● TASK
Copy out the data exactly as it appears, without a single image.

● TASK MATERIAL
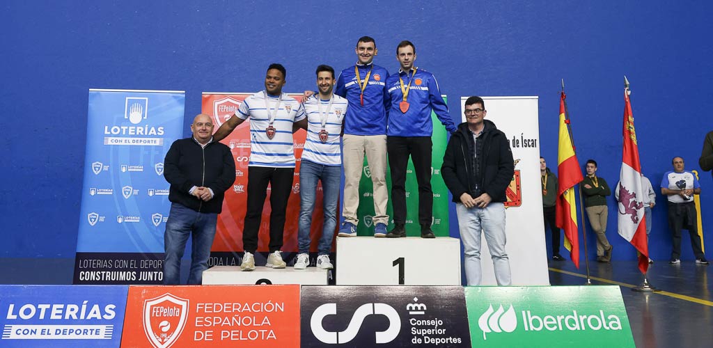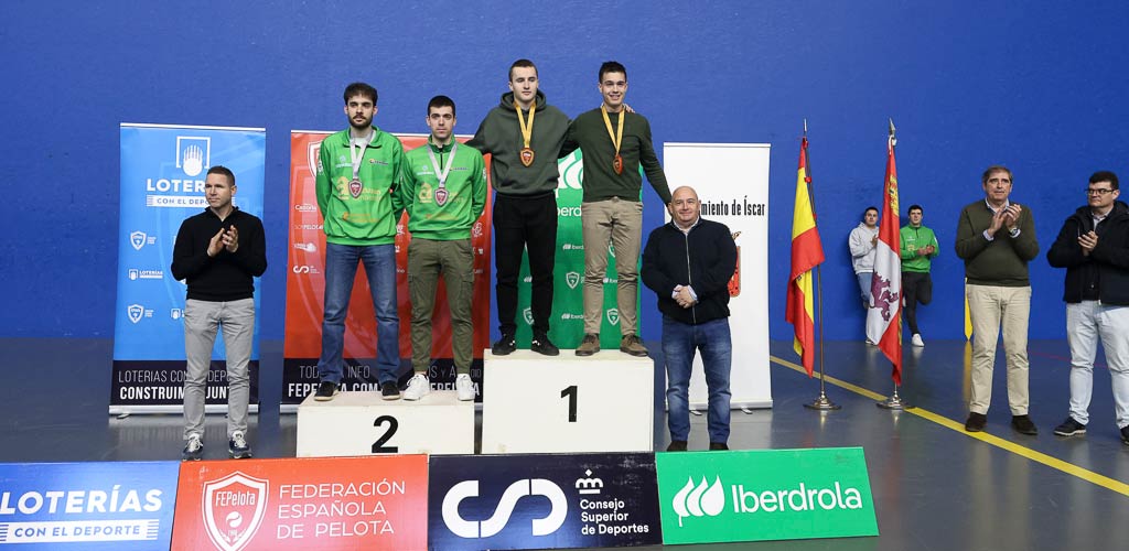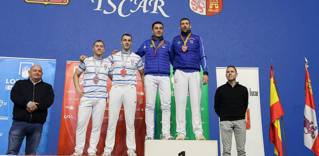 El frontón de Íscar (Valladolid) vivió una jornada muy especial de pelota el pasado fin de semana. Allí se disputaron las finales de la División de Honor del Campeonato de España de Clubes, tanto en las especialidades de Mano como de Herramienta, en la modalidad de Frontón 36 metros. Y en ese escenario el pelotari de Vallelado, Carlos Baeza, se subió de nuevo a lo más alto del podio junto a su compañero Imanol Ibáñez. El frontón iscariense, sede del Club Pelota Puertas Bamar, se llenó para presenciar las cuatro finales y el triunfo del club local.
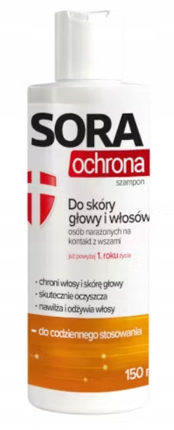 Sora ochrona szampon - do skóry głowy i włosów osób narażonych na kontakt z wszami. Już powyżej 1 roku życia.
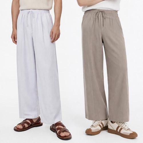 [디바옴므]COOL 린넨 스판 원턱 와이드 밴딩 팬츠 바지 남성 남자 홈웨어 트레이닝
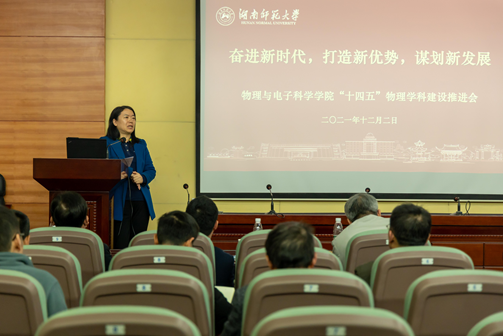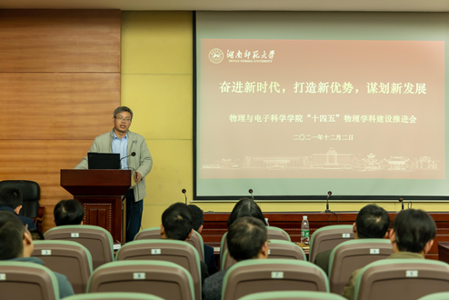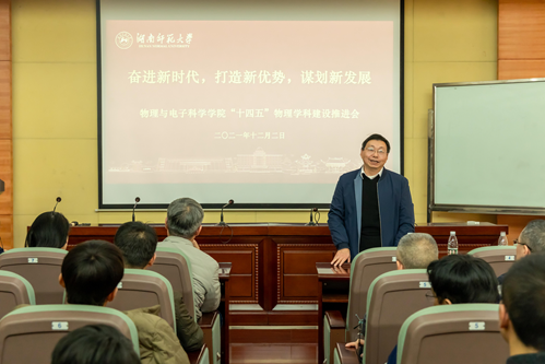 学校职能部门领导分别讲话,对物理学科“十三”期间取得的成绩表示充分肯定,并表示将全力支持物理学科建设和发展。人事处鲁良处长表示,学校将采用“一人一策”进一步加强物理学科高层次人才引培进力度,并强调将进一步营造良好的学术氛围,激发现有科研人员的创新活力。发展规划处孙岳兵处长表示,学校“十四五”将加大投入,支持物理学科的建设,并就重大成果培育、国家级科研教学成果奖申报和高层次人才培育等提出了指导性建议。科技处马铭处长指出,物理学科可以抢抓岳麓山大学科技城和湖南省实验室建设的契机,坚持四个面向,突破学科发展面临物理空间和建设经费不足等瓶颈问题。
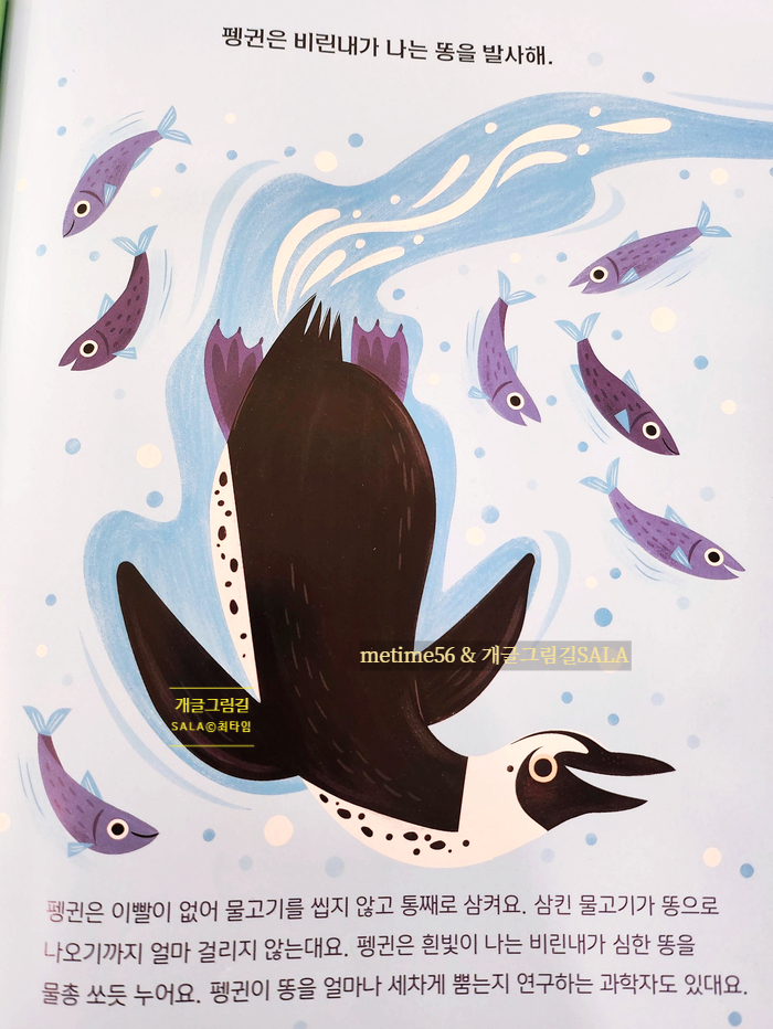얼핏 보면 ‘똥’이라는 단어가 들어가 있어 어린 유아들이 좋아할 것 같지만, 실제로는 7-9세 정도의 어린이들의 탐구심과 판단력을 키워주는 정보전달형 그림책이다. 책은 간단한 픽션 서사 하나 없이도 아이들이 흥미를 가질만한 질문과 재미난 설명들로 가득 차 있다.

● RESPONSE TO THE EXERCISE
 El frontón de Íscar (Valladolid) vivió una jornada muy especial de pelota el pasado fin de semana. Allí se disputaron las finales de la División de Honor del Campeonato de España de Clubes, tanto en las especialidades de Mano como de Herramienta, en la modalidad de Frontón 36 metros. Y en ese escenario el pelotari de Vallelado, Carlos Baeza, se subió de nuevo a lo más alto del podio junto a su compañero Imanol Ibáñez. El frontón iscariense, sede del Club Pelota Puertas Bamar, se llenó para presenciar las cuatro finales y el triunfo del club local.
 Sora ochrona szampon - do skóry głowy i włosów osób narażonych na kontakt z wszami. Już powyżej 1 roku życia.
 [디바옴므]COOL 린넨 스판 원턱 와이드 밴딩 팬츠 바지 남성 남자 홈웨어 트레이닝
 学校职能部门领导分别讲话,对物理学科“十三”期间取得的成绩表示充分肯定,并表示将全力支持物理学科建设和发展。人事处鲁良处长表示,学校将采用“一人一策”进一步加强物理学科高层次人才引培进力度,并强调将进一步营造良好的学术氛围,激发现有科研人员的创新活力。发展规划处孙岳兵处长表示,学校“十四五”将加大投入,支持物理学科的建设,并就重大成果培育、国家级科研教学成果奖申报和高层次人才培育等提出了指导性建议。科技处马铭处长指出,物理学科可以抢抓岳麓山大学科技城和湖南省实验室建设的契机,坚持四个面向,突破学科发展面临物理空间和建设经费不足等瓶颈问题。
얼핏 보면 ‘똥’이라는 단어가 들어가 있어 어린 유아들이 좋아할 것 같지만, 실제로는 7-9세 정도의 어린이들의 탐구심과 판단력을 키워주는 정보전달형 그림책이다. 책은 간단한 픽션 서사 하나 없이도 아이들이 흥미를 가질만한 질문과 재미난 설명들로 가득 차 있다.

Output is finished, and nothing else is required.